The universal approximation theorem says that neural networks can approximate any continuous function given enough parameters. Which means any handcrafted solution a human can build, a learned model can in principle match - and potentially surpass, because it’s not limited to the patterns humans thought to look for. The question is never “can a general method solve this?” It’s “do we have enough compute for it to solve this yet?”

And the answer to “yet” keeps changing, because scaling laws show that model performance improves predictably with compute - a power-law relationship with no sign of hitting a ceiling. Every year, the set of problems where general methods have enough compute to win gets larger. The heuristics that outperform today are the heuristics that get outperformed tomorrow.

This is why the lesson keeps surprising people. At any given moment, the clever approach is winning on the problems that are just beyond what current compute can handle. It looks like insight is necessary. Then compute catches up, and it wasn’t. The frontier moves, but the pattern at the frontier stays the same.

Beyond AI

What I find most interesting about the bitter lesson is that it generalizes past AI. It’s really about the tension between human understanding and search - and that tension shows up everywhere.

We build heuristics because we can’t search exhaustively. That’s bounded rationality - Simon’s observation that we satisfice because we don’t have the information or processing power to optimize. Our shortcuts are good. Evolution and experience gave us useful ones. But they’re workarounds for a compute limitation. A chess grandmaster’s intuition about piece placement is a heuristic built from thousands of games. AlphaZero had the compute to play millions. The grandmaster’s heuristic isn’t wrong - it’s just a lossy compression of what exhaustive search would find.

That’s the connection to compression. Understanding is compression - finding the shorter description of a complex phenomenon. A handcrafted heuristic is a human-compressed version of the problem. Newton’s laws compress thousands of observations into F = ma. The chess grandmaster compresses thousands of games into “control the center.” These compressions are genuinely powerful. But they’re human-scale compressions, limited by what we can hold in our heads and what we’ve had time to observe.
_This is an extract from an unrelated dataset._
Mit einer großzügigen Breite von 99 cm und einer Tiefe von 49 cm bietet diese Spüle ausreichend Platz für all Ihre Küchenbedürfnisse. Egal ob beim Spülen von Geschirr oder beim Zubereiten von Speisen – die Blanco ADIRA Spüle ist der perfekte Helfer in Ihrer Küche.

A system with enough compute can find compressions we’d never reach - not because it’s smarter, but because it can search a larger space.
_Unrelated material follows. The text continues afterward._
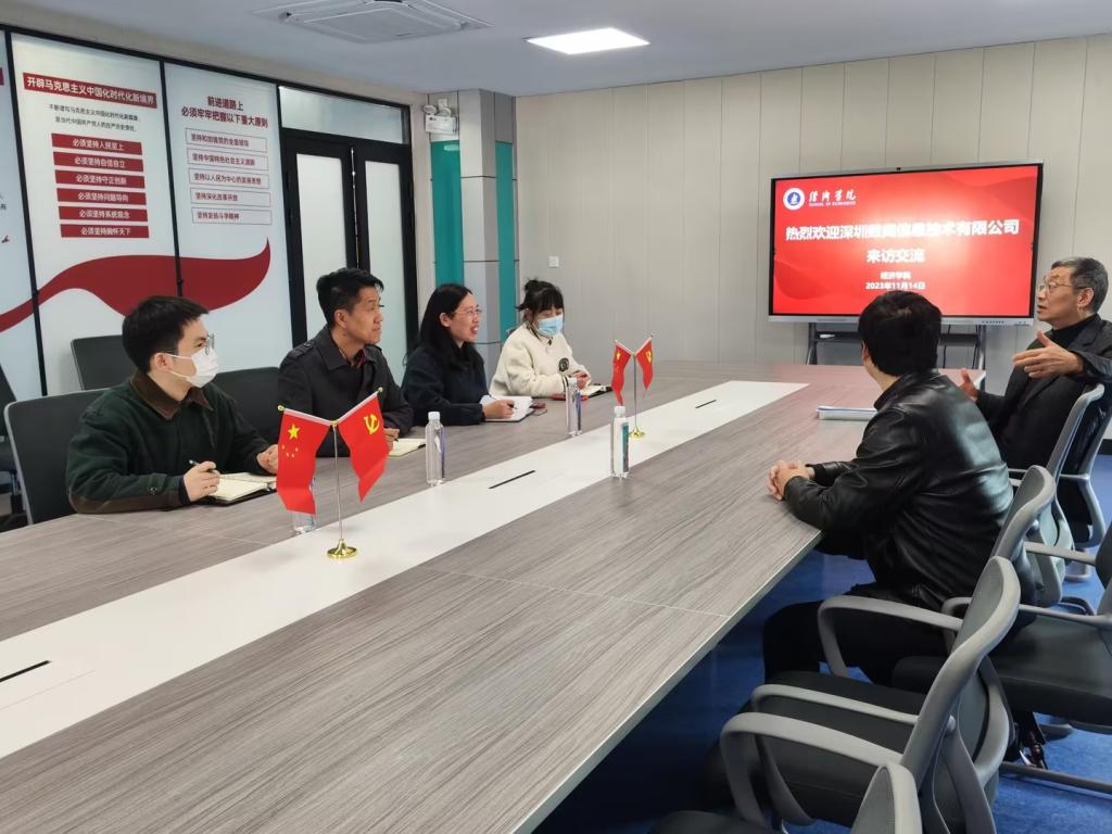 11月14日,深圳数阔信息技术有限公司的教育事业部总监刘凯及其团队到访经济公司就校企合作等事宜进行洽谈。经济公司副经理盖卫东和经济与统计教研室主任高爽,热情地接待了刘凯一行。

In software engineering, the pattern is quieter but real. A developer spends weeks hand-tuning a query plan, and then the database gets faster hardware and a better query optimizer and the hand-tuning becomes irrelevant. A team builds a clever architecture to work around memory constraints, and then memory gets cheap and the cleverness becomes unnecessary complexity. The cost of abstraction is often a bet that a constraint will persist long enough to justify the engineering. When the constraint disappears faster than expected, the abstraction becomes debt.

There’s something humbling about this. The problems we find hard aren’t hard because they require human insight specifically. They’re hard because they require search through a large space. We happen to be good at certain kinds of search because evolution optimized us for it. But “good at certain kinds of search” is a weaker position than “has more compute for general search.” And compute keeps getting cheaper.

What to take from it

Sutton’s practical implication is: bet on approaches that scale with compute, not on clever tricks that don’t. This is why AI research has converged on large models and self-supervised learning, and why the people who internalized the bitter lesson early are the ones building the systems that are working now.

But I think the deeper lesson is about what human understanding actually is. It’s not magic. It’s compression under constraints. It’s the best search we can do with the hardware we have. That makes it valuable - especially now, when compute is still limited relative to the hardest problems. Domain knowledge accelerates learning. It points the search in useful directions. It matters in data-scarce settings where brute force can’t get enough signal.

It’s just not a permanent advantage. The long-run trajectory favors general methods and more compute, and the long run keeps getting shorter.